Though living a few miles apart, however, the Mason and McCarty families never renewed their acquaintance. McCarty was an avid hunter and one day while following the flight of game, he mounted a fence that formed the boundary between the Mason and McCarty properties, and attempted loading his rifle from that position. McCarty allowed his attention to be diverted by the movements of the birds or the hunting dogs which resulted in his gun slipping. It exploded and sent the ramrod through his head. Armistead Thomson Mason's son, Stevens Thomson Mason, Jr., found McCarty and carried him to nearby Raspberry Plain, Mason's birthplace and the home of his father Stevens Thomson Mason.

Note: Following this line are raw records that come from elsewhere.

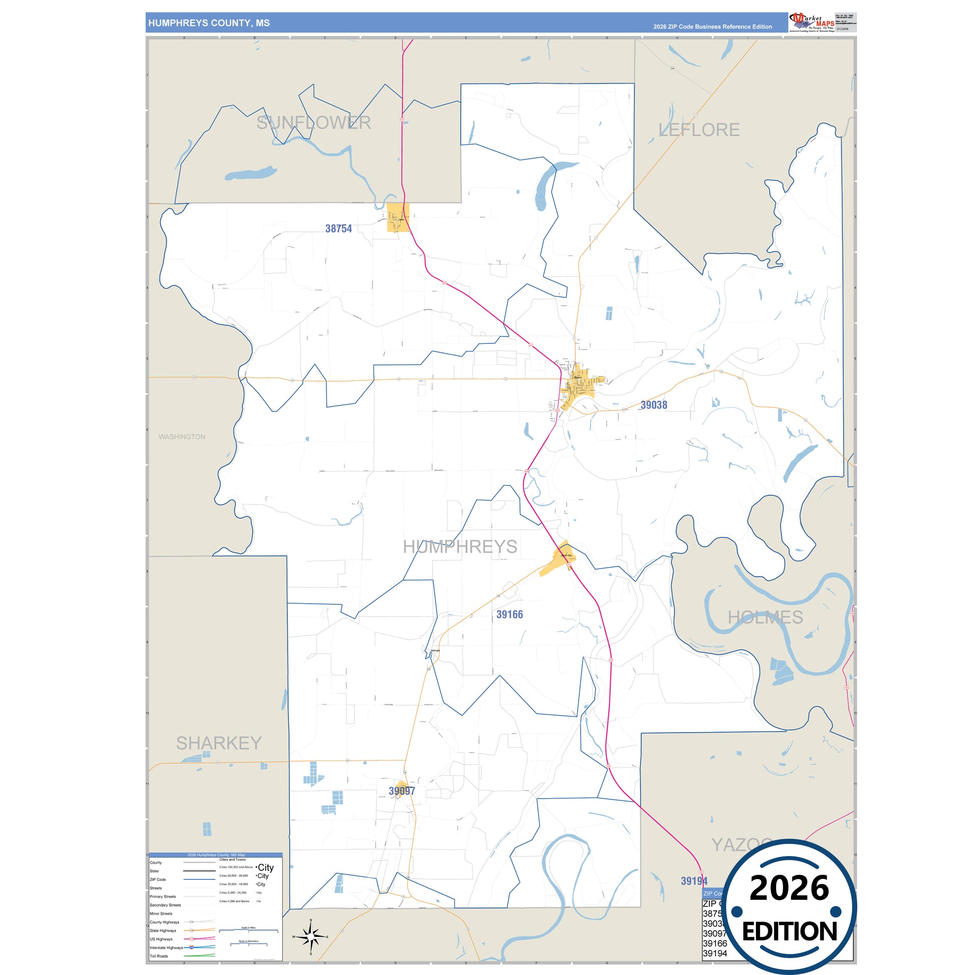 The Business Reference Style Humphreys County, MS is a detailed map that includes all towns, cities, major roadways, and highways. Available in multiple wall map sizes, perfect for home, school, office, or business display.
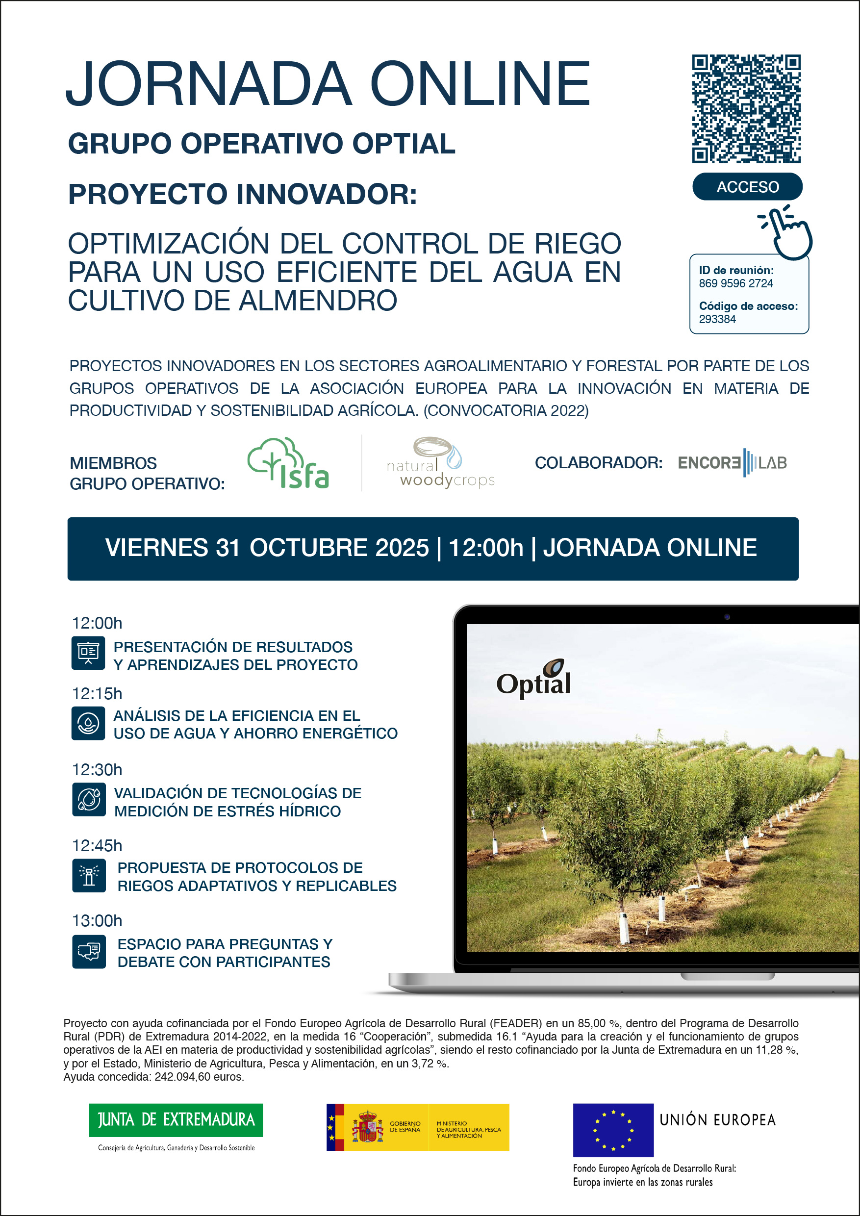 El pasado viernes 31 de octubre de 2025, tuvo lugar la jornada online de presentación de resultados y aprendizajes del proyecto OPTIAL, una iniciativa innovadora centrada en la optimización del control de riego para un uso eficiente del agua en el cultivo del almendro.
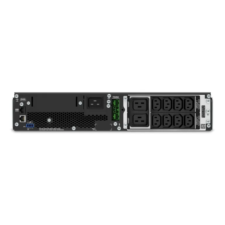 8 x C13 + 2 x C19. Optiona hallintakortit. Smart-UPS -laitteet ovat EcoStruxure -yhteensopivia, sillä ne on varustettu SmartConnect ethernet -liitännällä, joka tekee UPSin etähallinnan -ja monitoroinnin entistä helpommaksi. Laiteessa on myös SmartSlot -verkkokorttipaikka, johon liitetyllä verkkortilla mahdollistetaan esimerkiksi UPSiin liitetyn laitteiston hallittu alasajo. Takuu laitteella 3 vuotta ja akustolla 2 vuotta.
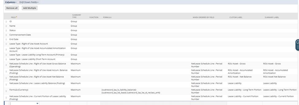 | Formula (Currency) | Maximum | {custrecord_laa_ls_liability_balance}-{custrecord_laa_lse_lease.custrecord_laa_lse_st_reclass_amt} | NetLease Schedule Line: Period Number | Lease Liability - Long Term Portion |

Selma was inherited by Mason's only son, Stevens Thomson Mason, Jr. At age 21, Mason was a rich and attractive young man and was often seen driving a handsome pair of horses tandem through Leesburg. A too generous expenditure of his fortune brought reverses which forced Mason to sell Selma. Upon selling Selma, Mason joined the United States Army and while serving as a captain in the Mexican–American War was mortally wounded.

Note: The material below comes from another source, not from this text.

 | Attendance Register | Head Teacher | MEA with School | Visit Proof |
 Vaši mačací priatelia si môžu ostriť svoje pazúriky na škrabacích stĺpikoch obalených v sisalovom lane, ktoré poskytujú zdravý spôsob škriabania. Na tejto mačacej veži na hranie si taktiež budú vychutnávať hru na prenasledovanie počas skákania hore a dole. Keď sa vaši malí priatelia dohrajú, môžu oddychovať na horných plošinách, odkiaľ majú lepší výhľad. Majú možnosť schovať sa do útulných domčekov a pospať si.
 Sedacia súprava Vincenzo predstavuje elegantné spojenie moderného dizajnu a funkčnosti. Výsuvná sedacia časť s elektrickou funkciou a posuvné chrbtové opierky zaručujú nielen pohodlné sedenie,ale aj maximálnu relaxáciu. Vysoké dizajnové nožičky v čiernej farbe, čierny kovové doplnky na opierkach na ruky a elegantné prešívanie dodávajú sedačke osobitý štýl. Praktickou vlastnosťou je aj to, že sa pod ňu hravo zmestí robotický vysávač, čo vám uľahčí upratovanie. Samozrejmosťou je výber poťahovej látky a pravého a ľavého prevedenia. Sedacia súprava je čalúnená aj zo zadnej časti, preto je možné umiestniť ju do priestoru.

All but the original part of Selma was destroyed by fire in the early 1890s. In 1896 the property was purchased by Elijah B. White, the son of Elijah V. White. White commissioned Richmond architecture firm Noland and Baskervill to design a Colonial Revival mansion, which was built between 1900 and 1902 and included part of the earlier house as a kitchen wing. No expense was spared in achieving a level of luxury, including modern conveniences such as "speaking tubes", a form of intercom system. By the 1920s, the Whites were known to hold many high society events and parties at the plantation with Governors, Senators and Congressman in attendance, and was regularly featured in the society pages of newspapers and magazines.

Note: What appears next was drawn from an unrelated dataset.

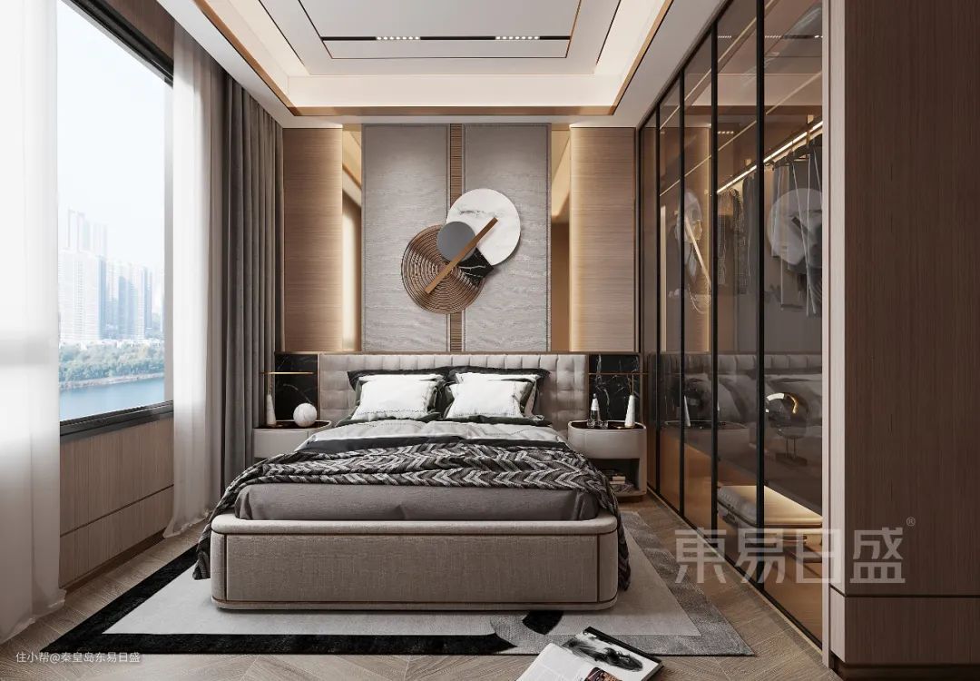 吊顶设计给人一种奢华之美,让它简单而又不简单。卧室背景墙的设计与衣柜在造型和配色上相互呼应。
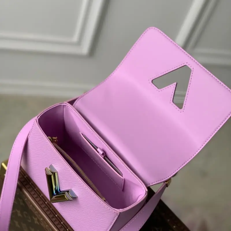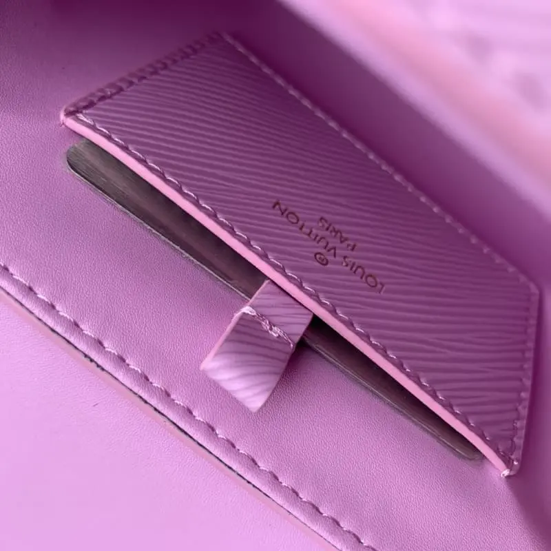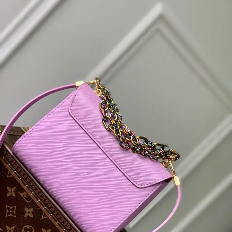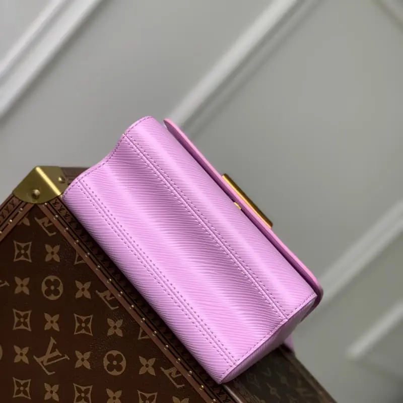 M22098 Purple Rose Red (50332 Rose Red Color Chain) This Twist handbag is made of Epi grain leather with a dazzling chain to convey avant-garde edge and extend the same metal texture to the iconic LV Twist lock. The chain and detachable leather shoulder strap provide hand-held, shoulder and crossbody options. Detailed features 19 x 15 x 9 cm (length x height x width)

The plantation remained in the White family for several generations, before being sold to the Epperson family in 1976, who turned the estate into a wedding and function venue. Following a succession of owners, Selma was sold to a foreign investor in 1999 and fell into neglect. A parcel of the original 212-acre Selma Plantation was sold to a local developer in 2002, leaving Selma with a 50-acre conservancy lot. In 2009, the nonprofit group Preservation Virginia placed the mansion on its "Most Endangered Historic Sites List."

After years of neglect and vandalism, Selma was purchased in March 2016 by Sharon D. Virts and Scott F. Miller, and is currently undergoing a massive restoration project as a private home.

==Architecture==
The present Selma is a two and one half-story, hip-roofed, stuccoed brick mansion. Selma is considered Loudoun County's earliest and best example of Colonial Revival architecture. Selma features an imposing tetrastyle Roman Doric portico with a full entablature and triangular pediment. The dwelling also exhibits a modillion cornice with dentils, pedimented dormers, twelve-over-one double-sash windows, and tall interior end chimneys. Selma's central entrance is surmounted by a large semicircular fanlight with tracery and flanked by engaged fluted Roman Ionic columns.

A board-and-batten smokehouse, frame garage, and frame barn with three
cupolas also lie on the Selma property and appear to date from the early 20th century as well.